Testing Lock-Free Software
When a test has been running non-stop for over six months, beating the heck out of an algorithm, can we be confident the algorithm is OK? One of the pieces of software I am working on is a logging mechanism for a distributed system. The logging mechanism is based on the Agelena module of my Arachnida embeddable HTTP(S) server and client, but goes farther than it does w.r.t. flexibility and speed. At its core, there is a module called hsl: High-Speed Logging which consists of a multi-producer single-consumer queue that is optimized for this purpose.

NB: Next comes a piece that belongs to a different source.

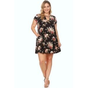 * Vibe Plus Dark Floral Keyhole Swing Dress JKD8997X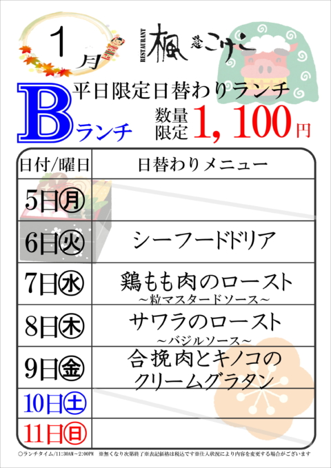 1月5日(月)~1月9日(金)の日替わりランチメニューです!

This particular queue - or rather, set of queues - has a particular set of caveats which makes it a bit different from my previous implementations of lock-free queues, so I devised a set of tests for it to check that it really works under all circumstances. The problem is the “all” in that statement.
In lock-free programming, it can be very difficult to prove your algorithms formally and, even if you succeed in proving it formally, it is still difficult to prove the implementation of the algorithm empirically. To do that, you ultimately end up testing your implementation.
Testing an implementation of a lock-free algorithm is a question of searching for errors in it, which is often a question of searching a combination of interlacing threads that results in erroneous behavior. One excellent tool for doing that is Relacy. Relacy is usually extremely quick at finding errors: in the implementation of hsl, I had introduced two bugs - both of which points where the implementation inadvertently differed from the algorithm. Relacy found them both in a matter of milliseconds. However, testing all possible combinations for a mildly complex algorithm can taken a very long time.
HSL has now been running on one of my computers for over six months. I have devised a formal proof of the algorithm and verified the implementation against the algorithm manually a few times already. Is there such a thing as bug-free software?